_Data_
::::
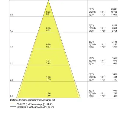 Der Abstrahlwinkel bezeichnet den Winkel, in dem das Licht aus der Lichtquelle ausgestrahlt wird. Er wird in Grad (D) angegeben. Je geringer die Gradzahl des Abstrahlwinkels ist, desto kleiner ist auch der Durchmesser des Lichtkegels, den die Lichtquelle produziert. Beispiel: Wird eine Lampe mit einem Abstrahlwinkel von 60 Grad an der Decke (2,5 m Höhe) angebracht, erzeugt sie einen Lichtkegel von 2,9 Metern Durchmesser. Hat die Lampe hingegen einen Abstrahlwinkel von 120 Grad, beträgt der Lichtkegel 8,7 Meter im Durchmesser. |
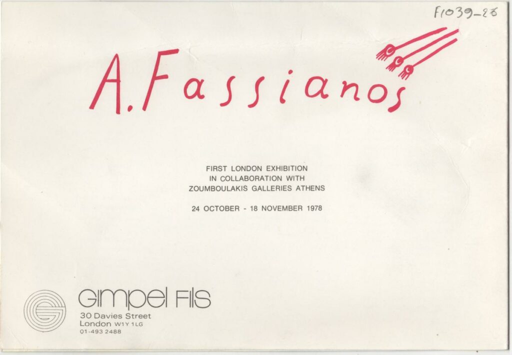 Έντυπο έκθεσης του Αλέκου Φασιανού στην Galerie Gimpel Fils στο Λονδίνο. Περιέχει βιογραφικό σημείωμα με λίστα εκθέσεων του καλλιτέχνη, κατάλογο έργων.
::::
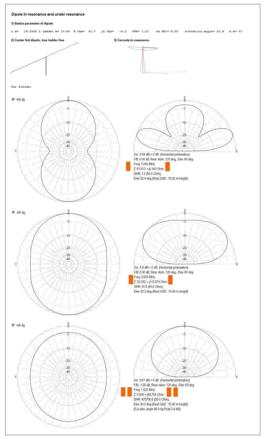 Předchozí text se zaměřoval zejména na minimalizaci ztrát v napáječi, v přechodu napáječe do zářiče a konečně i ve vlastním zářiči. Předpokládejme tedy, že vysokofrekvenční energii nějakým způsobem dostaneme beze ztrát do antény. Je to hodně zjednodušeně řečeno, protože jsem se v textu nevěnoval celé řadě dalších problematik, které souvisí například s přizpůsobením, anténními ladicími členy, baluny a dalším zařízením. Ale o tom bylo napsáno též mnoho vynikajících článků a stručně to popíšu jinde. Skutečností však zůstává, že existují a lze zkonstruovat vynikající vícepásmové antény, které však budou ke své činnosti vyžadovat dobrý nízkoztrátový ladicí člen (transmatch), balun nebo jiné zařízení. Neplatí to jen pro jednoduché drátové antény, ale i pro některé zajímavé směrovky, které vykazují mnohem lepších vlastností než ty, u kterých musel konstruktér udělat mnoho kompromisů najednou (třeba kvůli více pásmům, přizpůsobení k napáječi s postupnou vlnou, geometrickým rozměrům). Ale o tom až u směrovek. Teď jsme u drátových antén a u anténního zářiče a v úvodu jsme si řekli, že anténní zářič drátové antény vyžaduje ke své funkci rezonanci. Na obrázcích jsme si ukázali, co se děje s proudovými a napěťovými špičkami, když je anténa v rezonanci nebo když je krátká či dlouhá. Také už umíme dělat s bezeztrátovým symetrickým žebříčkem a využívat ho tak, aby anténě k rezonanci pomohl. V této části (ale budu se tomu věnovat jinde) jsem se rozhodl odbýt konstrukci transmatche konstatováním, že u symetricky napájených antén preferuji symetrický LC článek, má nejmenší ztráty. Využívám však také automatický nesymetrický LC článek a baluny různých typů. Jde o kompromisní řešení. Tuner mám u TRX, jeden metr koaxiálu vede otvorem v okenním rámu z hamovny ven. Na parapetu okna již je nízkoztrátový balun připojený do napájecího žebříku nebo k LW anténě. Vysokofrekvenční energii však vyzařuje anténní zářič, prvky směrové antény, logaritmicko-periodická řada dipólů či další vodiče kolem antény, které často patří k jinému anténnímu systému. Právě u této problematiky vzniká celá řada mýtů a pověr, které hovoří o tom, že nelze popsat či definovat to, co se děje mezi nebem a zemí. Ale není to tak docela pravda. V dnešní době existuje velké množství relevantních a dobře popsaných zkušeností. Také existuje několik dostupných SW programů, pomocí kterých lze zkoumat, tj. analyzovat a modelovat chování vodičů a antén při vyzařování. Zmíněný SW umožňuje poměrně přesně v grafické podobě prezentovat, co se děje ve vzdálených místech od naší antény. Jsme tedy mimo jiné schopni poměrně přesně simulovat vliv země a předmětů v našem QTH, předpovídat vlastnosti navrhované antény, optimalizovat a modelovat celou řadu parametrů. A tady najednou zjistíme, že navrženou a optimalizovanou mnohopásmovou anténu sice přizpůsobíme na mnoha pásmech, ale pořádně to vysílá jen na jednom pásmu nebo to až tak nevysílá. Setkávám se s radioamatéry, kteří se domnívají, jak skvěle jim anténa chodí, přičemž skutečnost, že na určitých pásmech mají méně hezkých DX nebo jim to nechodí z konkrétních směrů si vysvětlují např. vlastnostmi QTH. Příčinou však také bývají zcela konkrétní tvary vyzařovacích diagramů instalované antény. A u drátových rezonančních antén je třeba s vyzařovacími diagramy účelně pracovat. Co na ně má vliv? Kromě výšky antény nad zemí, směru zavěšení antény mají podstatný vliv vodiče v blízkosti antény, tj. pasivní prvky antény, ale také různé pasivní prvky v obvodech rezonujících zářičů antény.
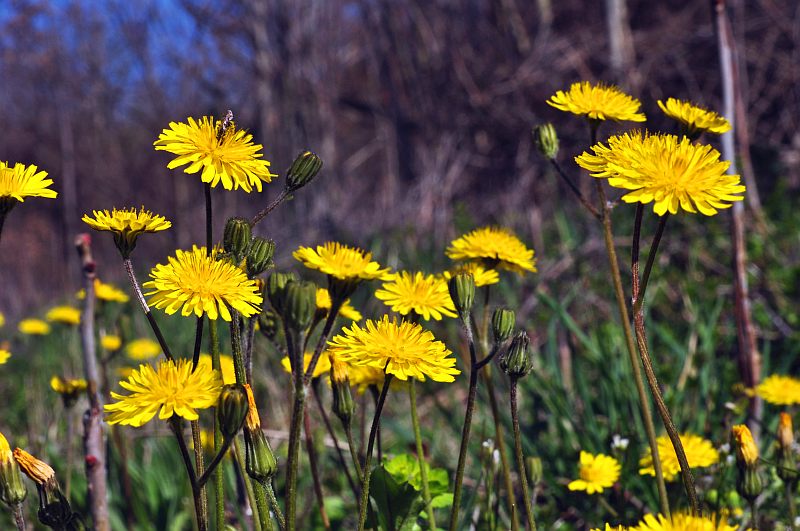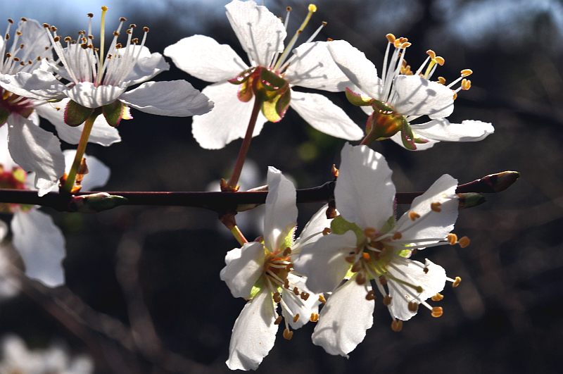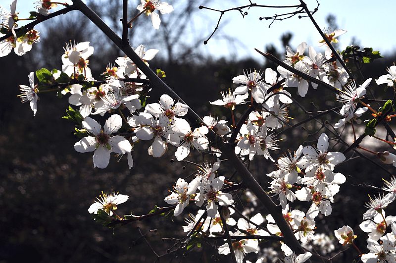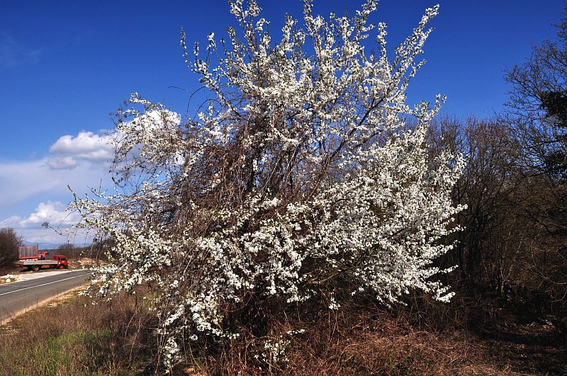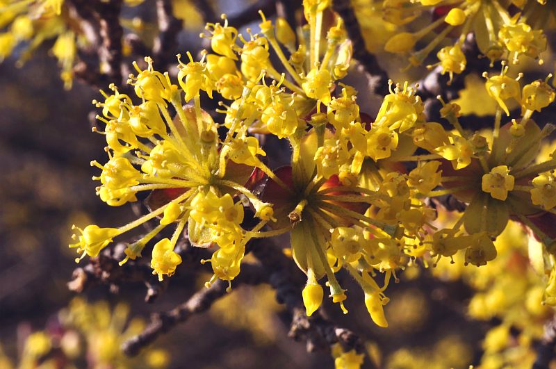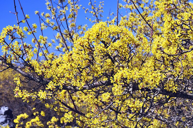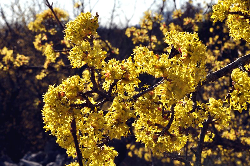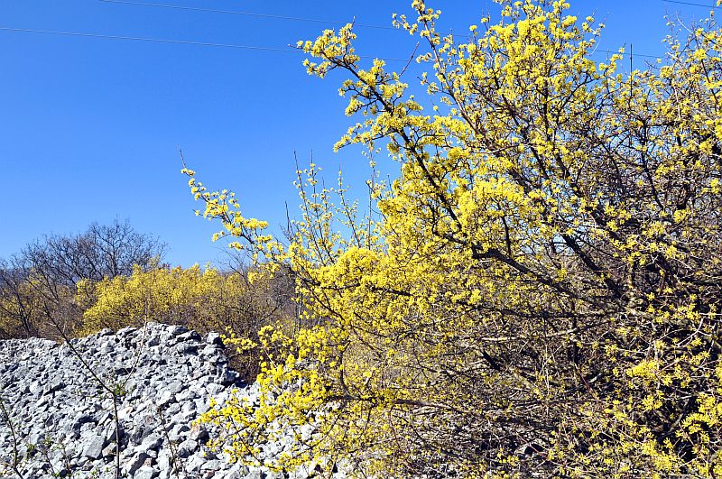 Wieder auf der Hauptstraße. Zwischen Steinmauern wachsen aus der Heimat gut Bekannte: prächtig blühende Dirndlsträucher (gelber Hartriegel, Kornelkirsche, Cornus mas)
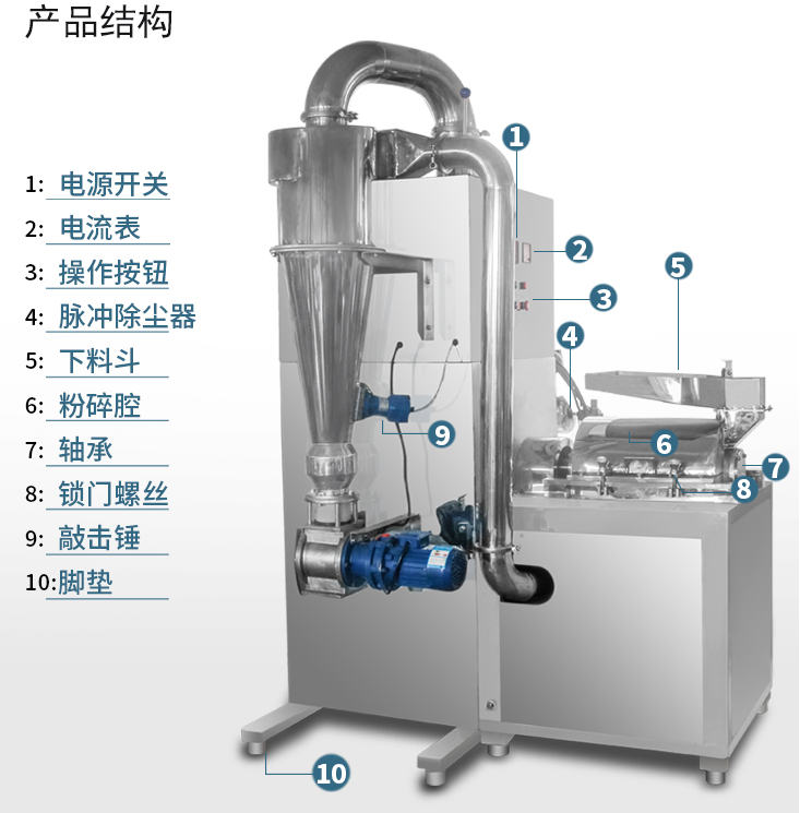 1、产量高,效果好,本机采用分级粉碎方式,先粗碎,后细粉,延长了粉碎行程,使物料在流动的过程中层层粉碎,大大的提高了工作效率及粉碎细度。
::::
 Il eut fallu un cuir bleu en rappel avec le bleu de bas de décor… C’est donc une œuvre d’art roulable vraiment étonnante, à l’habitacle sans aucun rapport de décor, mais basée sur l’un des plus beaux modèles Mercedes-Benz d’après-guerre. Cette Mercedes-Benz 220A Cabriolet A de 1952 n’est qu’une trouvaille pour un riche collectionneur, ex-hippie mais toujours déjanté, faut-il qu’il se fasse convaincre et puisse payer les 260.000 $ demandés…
::::
_Task requirements_
Above, find the line with "Der Abstrahlwinkel bezeichnet"; copy it and every line down to the line with "Έντυπο έκθεσης του", exactly and both included, but no pictures.

_Output for this exercise_
 Der Abstrahlwinkel bezeichnet den Winkel, in dem das Licht aus der Lichtquelle ausgestrahlt wird. Er wird in Grad (D) angegeben. Je geringer die Gradzahl des Abstrahlwinkels ist, desto kleiner ist auch der Durchmesser des Lichtkegels, den die Lichtquelle produziert. Beispiel: Wird eine Lampe mit einem Abstrahlwinkel von 60 Grad an der Decke (2,5 m Höhe) angebracht, erzeugt sie einen Lichtkegel von 2,9 Metern Durchmesser. Hat die Lampe hingegen einen Abstrahlwinkel von 120 Grad, beträgt der Lichtkegel 8,7 Meter im Durchmesser. |
 Έντυπο έκθεσης του Αλέκου Φασιανού στην Galerie Gimpel Fils στο Λονδίνο. Περιέχει βιογραφικό σημείωμα με λίστα εκθέσεων του καλλιτέχνη, κατάλογο έργων.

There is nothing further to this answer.